Originally posted by hitmansb
yup shes my first girl man.
The thing is we both have bad attitutes. She easily gets hurt, or at any moment could be pissed off for no reason. As for me, the way i talk at times sounds rude and mean but i dont mean it to come out that way, guess its my tone of voice. So at times we would clash here and there, but the nest thing u know it, we were ok. This went on for a while.
But what caught me off guard and kills me is that i recently made a thread on how much feelings i got towards her. I would explain to her and stuff, she'd be like i feel the same way to you too. So this weekend we were out of town for 3 days. It all went well, spend the best time with her there. So Monday didnt see her, saw herin school Tuesday and On Wednesday. I just get a phone call from her telling me this. I was crushed bro. I went to her house, but she had anger towards me, wanted me to leave. Then she gave me a ride home and didnt wanna see me or something. Thats what I dont understand, why so much anger towards me and hate. I tried talking to her, but she refuse.

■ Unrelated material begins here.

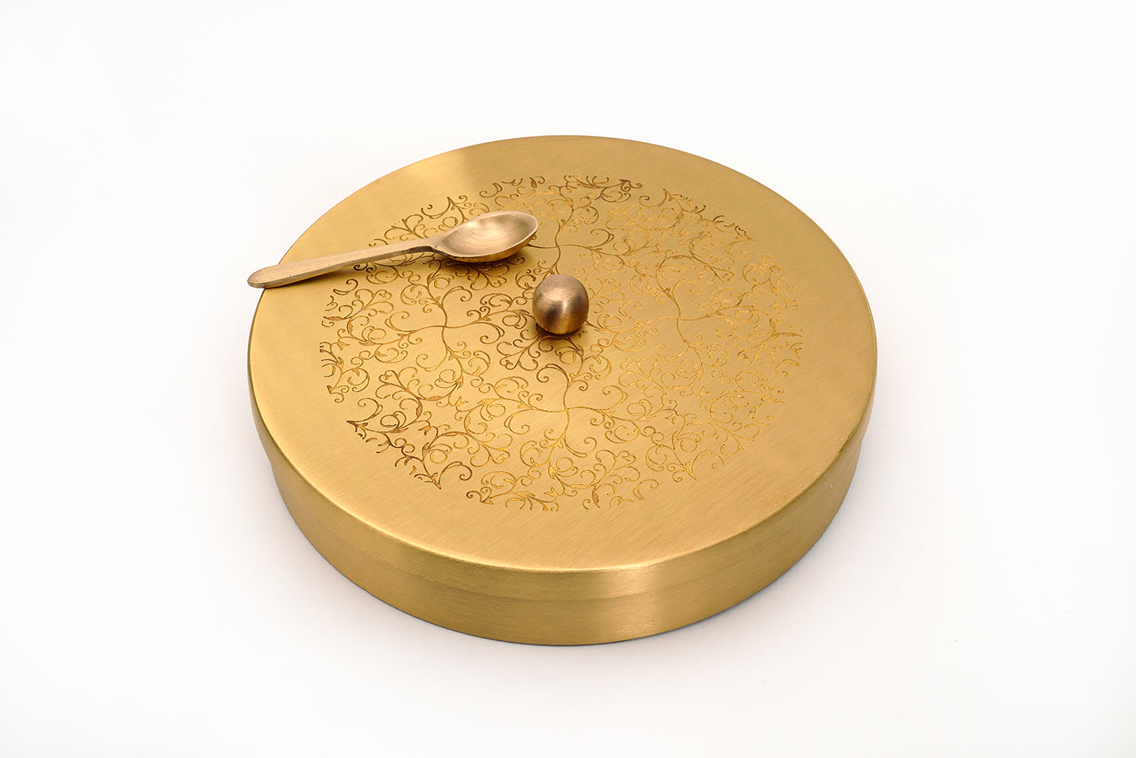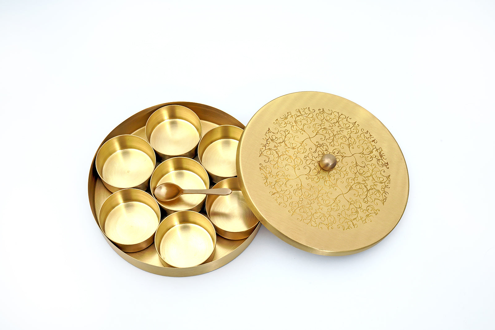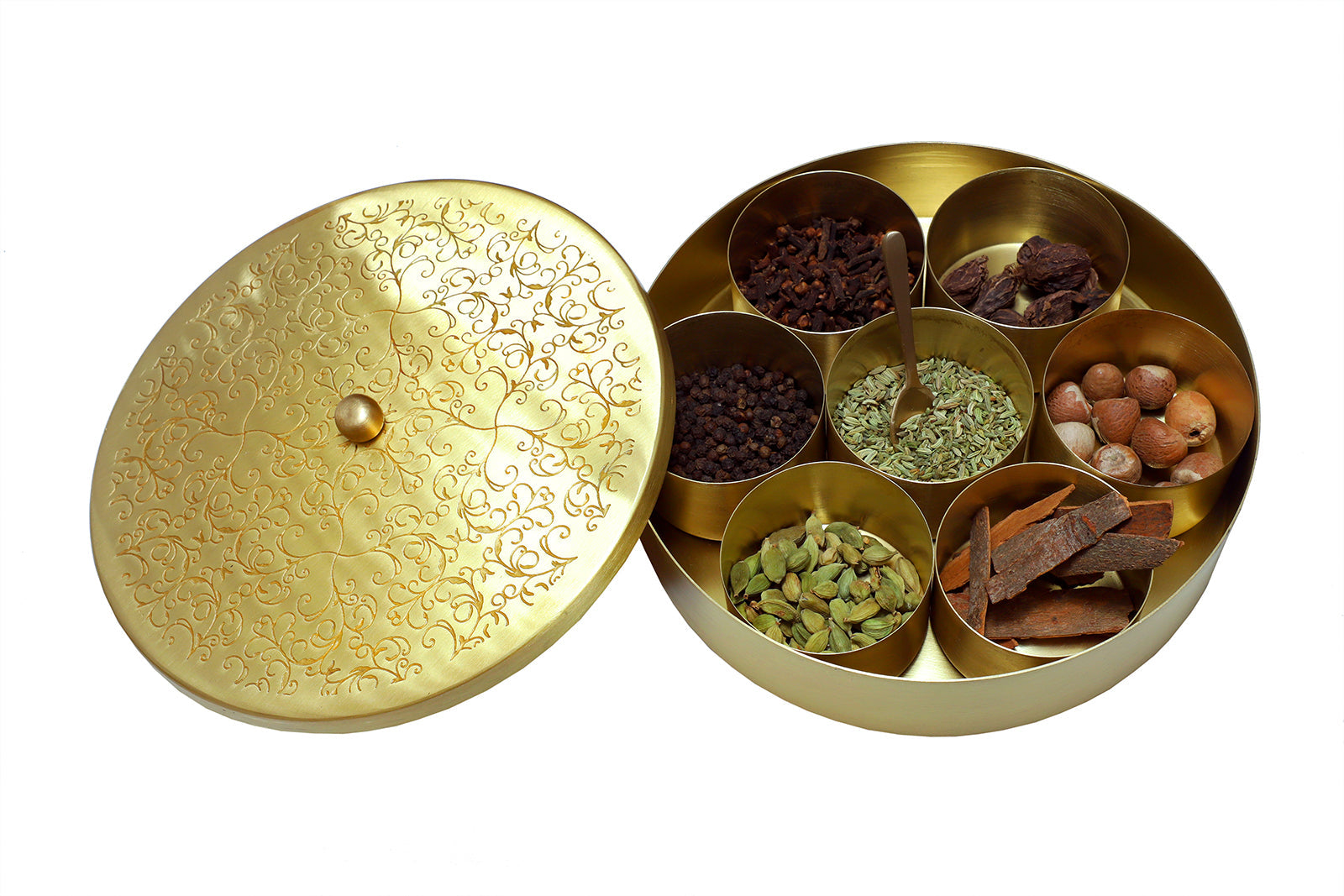 Our exquisite and unique Brass Masaladaan is handcrafted , hand etched in floral pattern. It is finely polished in matt finish . This beautiful spice box will not only uplift the aesthetic of your kitchen but also adds to the health benefits of your food. It is an ideal gift for the house warming party of your loved ones. The skilled and trained artisans of India have made this Brass Masaladaan with utmost care and perfection.

Im the type, that I will sit and listen not making ugly faces nor like "ok your wasting my time" sorta guy. I sit and listen but this girl was disgusted or just pissed at me. Shes snapped at me before like this , that she just wants me out. She either has issues, or someshits bothering her personally. She also told me just out of the blue that shes gonna leave out of town and study just like that. Ive never once lied, cheated, nor layed a hand on her, so i dont know why or what to do. She hasnt called me nor have i called her. I dont wanna call her and get all hurt up by her telling me shit or hanging up on me. I got so much feelings right now, love, hate, hurt, everything. Close friends have asked me if shes cheating on me or something. She says she will never do such a thing, but u know people. If thats the case since i cant do shit to her, boy would i love to have some fun and let the anger out on the person whos shes with, if thats the case. But I just hope not.